Posted by vaulot on 30 Jan 2018 at 00:25 GMT

This paper provides beautiful SEM and EM pictures of photosynthetic picoeukaryotes associated to bacteria but a I believe that the interpretation presented in the paper is wrong and that a more parsimonious explanation is provided by the comment of Jon Zehr. In brief what the authors believe to be Prochlorococcus is in fact UCYN-A because, as pointed out in Zehr's comment, the position of the UCYN-A cell with respect to the Braarudosphaeraceae cell perfectly matches all previous images done using FISH probes.
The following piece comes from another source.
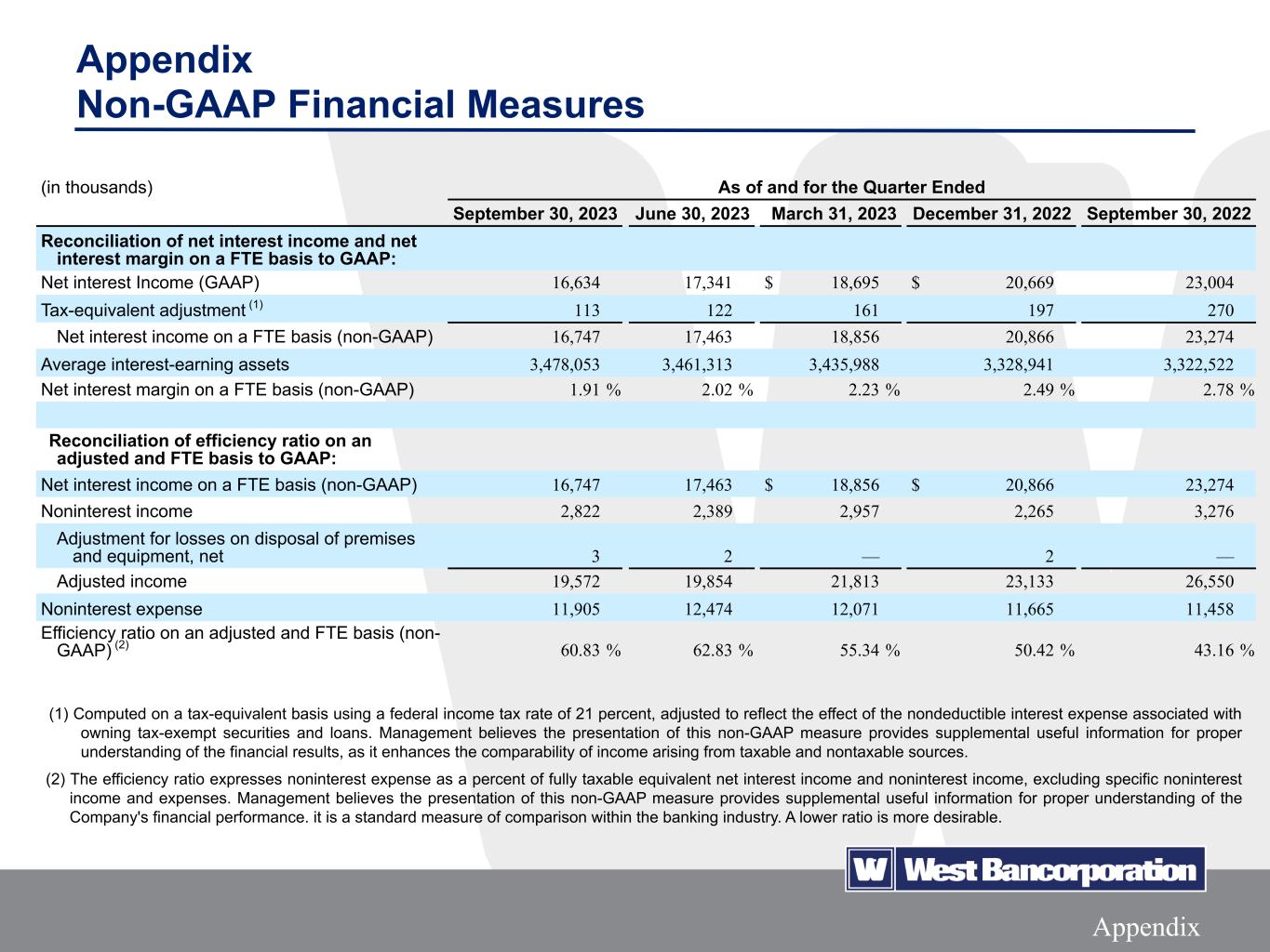 15Appendix Appendix Non-GAAP Financial Measures (in thousands) As of and for the Quarter Ended September 30, 2023 June 30, 2023 March 31, 2023 December 31, 2022 September 30, 2022 Reconciliation of net interest income and net interest margin on a FTE basis to GAAP: Net interest Income (GAAP) 16,634 17,341 $ 18,695 $ 20,669 23,004 Tax-equivalent adjustment (1) 113 122 161 197 270 Net interest income on a FTE basis (non-GAAP) 16,747 17,463 18,856 20,866 23,274 Average interest-earning assets 3,478,053 3,461,313 3,435,988 3,328,941 3,322,522 Net interest margin on a FTE basis (non-GAAP) 1.91 % 2.02 % 2.23 % 2.49 % 2.78 % Reconciliation of efficiency ratio on an adjusted and FTE basis to GAAP: Net interest income on a FTE basis (non-GAAP) 16,747 17,463 $ 18,856 $ 20,866 23,274 Noninterest income 2,822 2,389 2,957 2,265 3,276 Adjustment for losses on disposal of premises and equipment, net 3 2 — 2 — Adjusted income 19,572 19,854 21,813 23,133 26,550 Noninterest expense 11,905 12,474 12,071 11,665 11,458 Efficiency ratio on an adjusted and FTE basis (non- GAAP) (2) 60.83 % 62.83 % 55.34 % 50.42 % 43.16 % (1) Computed on a tax-equivalent basis using a federal income tax rate of 21 percent, adjusted to reflect the effect of the nondeductible interest expense associated with owning tax-exempt securities and loans. Management believes the presentation of this non-GAAP measure provides supplemental useful information for proper understanding of the financial results, as it enhances the comparability of income arising from taxable and nontaxable sources. (2) The efficiency ratio expresses noninterest expense as a percent of fully taxable equivalent net interest income and noninterest income, excluding specific noninterest income and expenses. Management believes the presentation of this non-GAAP measure provides supplemental useful information for proper understanding of the Company's financial performance. it is a standard measure of comparison within the banking industry. A lower ratio is more desirable.

I believe that the Prochlorococcus sequences originate from cells predated by the rest of the picoeukaryotes which sequences appear in Fig. 1.
I would like to add a few points the previous comments by Jon Zehr and Ann Thompson.
1. Only half of the plastid 16S sequences from the sorted sample correspond to a Braarudosphaeraceae, the rest corresponds to other picoeukaryotes including (Ochromonas, 9%; Pelagomonas, 2%; Triparma, 2%; Imantonia, 1%; Chrysochromulina, 1%; Rhizochromulina, 1%). Most of these organisms are very well known mixotrophs (for example see the following papers: Wilken, S., Schuurmans, J.M., and Matthijs, H.C.P. (2014) Do mixotrophs grow as photoheterotrophs? Photophysiological acclimation of the chrysophyte Ochromonas danica after feeding. New Phytol. 204: 882–889; Hansen, P.J. and Hjorth, M. (2002) Growth and grazing responses of Chrysochromulina ericina (Prymnesiophyceae): the role of irradiance, prey concentration and pH. Mar. Biol. 141: 975–983.). So they are more likely predators of Prochlorococcus than the Braarudosphaeraceae. Indeed Frias-Lopez et al. in 2008 (Frias-Lopez, J., Thompson, A., Waldbauer, J., and Chisholm, S.W. (2009) Use of stable isotope-labelled cells to identify active grazers of picocyanobacteria in ocean surface waters. Environ. Microbiol. 11: 512–525) showed that almost of the predators of Prochlorococcus were mixotrophs and not heterotrophs. Among these potential predators they did not recover any sequence of Braarudosphaeraceae (see their Fig. 2).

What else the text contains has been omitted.